Hadoop2.7.5 + HBase1.4.0 fully distributed cluster Construction

1. recommended books for beginners before introducing completely distributed systems:
For more information about Hbase principles, see PDF.

2. You should have a simple understanding of their concepts before installing completely distributed systems:
1. Hadoop is good at storing arbitrary, semi-structured, and even structured data. It is almost a supplement to all databases.
2. Hbase is a hadoop database, and hbase is not a columnar storage database. It uses the column storage format on the disk.
3. The column-store database is an aggregate database in the unit of "column" and then stored in disks sequentially.
4. Differences between RDBMS and column-store databases:
Rdbms is suitable for data with limited and regular rules (paradigm, COD 12 Law), and is suitable for real-time data access scenarios.
Hbase is suitable for key-value-to-location data access or orderly data access.
5. the most basic unit of hbase database is "column"
6. One or more columns form a row and are stored by a unique "Row key" (the row key is equivalent to the same primary key index in rdbms)
7. A table can have several rows, and each column may have multiple versions. Each cell stores different values.
8. Several columns constitute a "column family"
9. All columns in a column family are stored in the same underlying storage file. This storage file is called Hfile.
10. The "column family" must be defined during table creation, and the number of columns should not be too large or the modification should not be too frequent. Generally, only 1 ~ is recommended ~ 2, preferably only one
11. opposite to the column family, there is no limit on the number of columns, and there is no limit on the column value type and length.
12. The values of each column and cell have timestamps. By default, they are specified by the system or by the user.
13. Data in a cell is sorted in descending order by default, and the latest data is read only during access.
14. hbase data storage mode:
Test <rowkey, list <tests <column, list <value, timestamp >>>
Test indicates a table. rowkey is the row key and contains a column family list (the first list). The column family contains the tests storage column and corresponding values, these values are stored in the last list type and should have a timestamp
15. Hbase is a distributed, persistent, and highly consistent storage system.

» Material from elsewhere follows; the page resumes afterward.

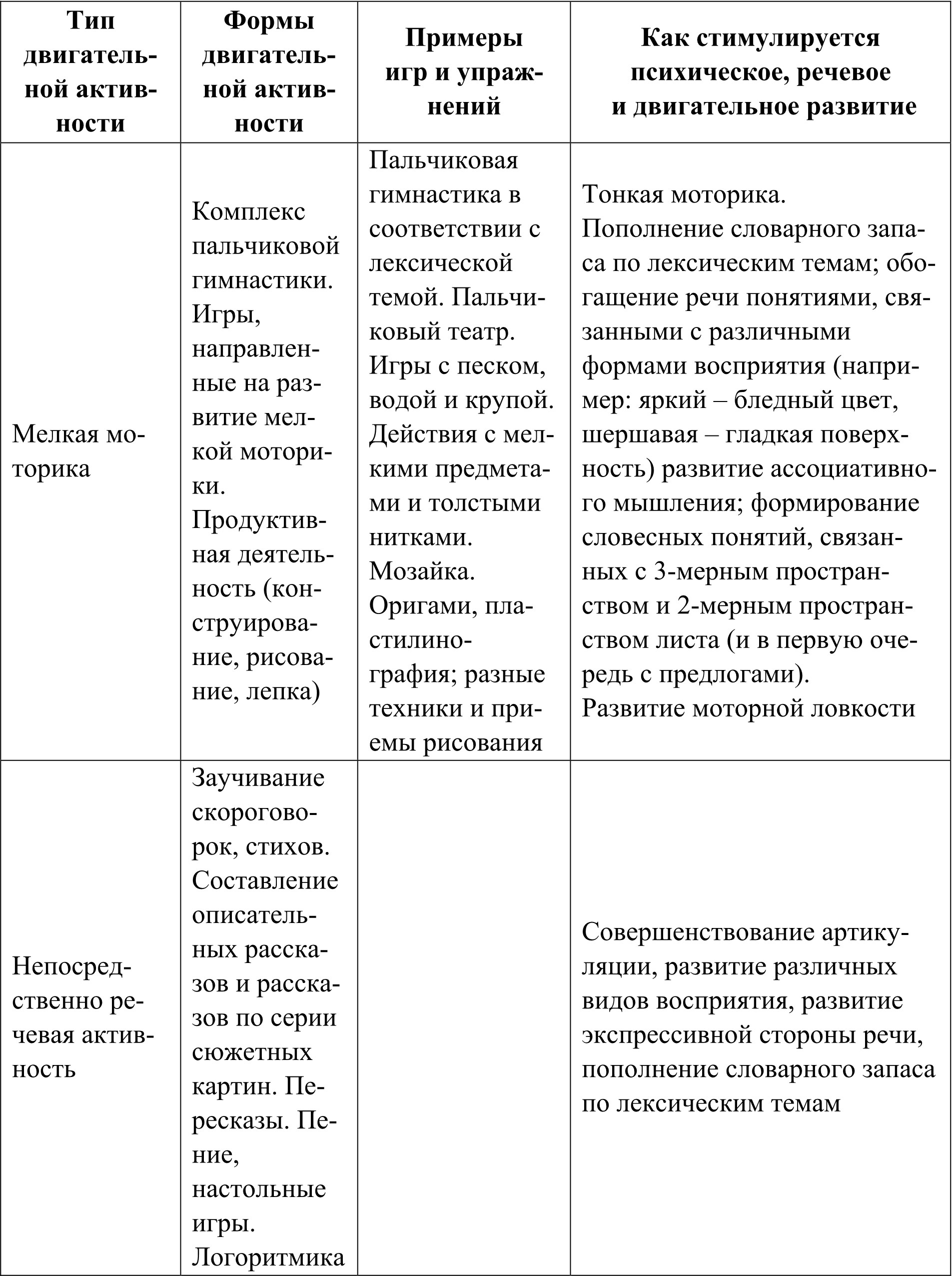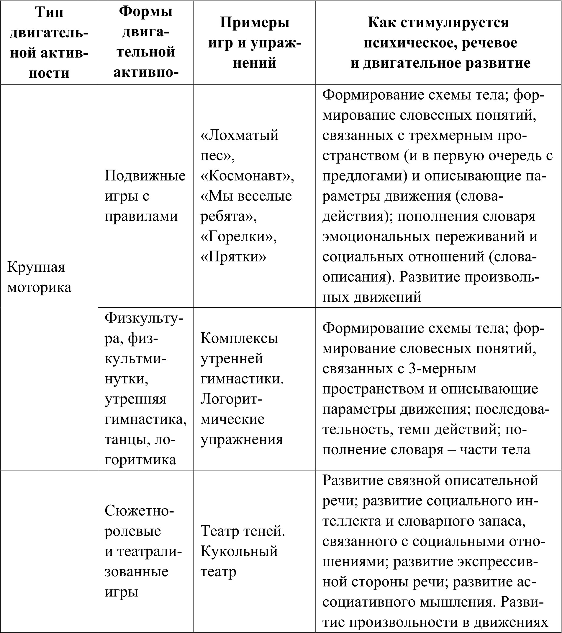 Примеры форм двигательной активности, игр и упражнений для стимулирования психического, речевого и двигательного развития ребенка

Iii. Build an hbase distributed environment:
1. Not all Hbase running modes need to be distributed. If you only want to test them locally, you only need to install java.
2. fully distributed architecture:
(1) Environment
System: CentOS6.8
Hadoop version: 2.7.5
Zookeeper version: 3.4.11
Hbase version: 1.4.0
(2) download the hbase installation package:
: Http://apache.spinellicreations.com/hbase/
Hbase must correspond to the Hadoop version.

 

(3), the next good hbase installation package upload to the server and then extract to the appropriate directory, we use Hbase version is: hbase-1.4.0-bin.tar.gz
Hbase-1.2.1-bin.tar.gz-C/root/apps/tar-zxvf/
(4) decompress the package and you can see which files are contained in the project directory:
You can view the ll command or ls-lr:

(52.162.16a.description in the license documents and notice.txt.
B .other generated information is in readme.txt.
C.CHANGES.txt is the static snapshot page of the change log. It contains many changes in the current downloaded version.
D. Bin is a binary file. This directory contains all scripts provided by hbase. It can be started and stopped, run an independent daemon process, or start additional master nodes.
The e. Conf directory contains the file that defines hbase configuration.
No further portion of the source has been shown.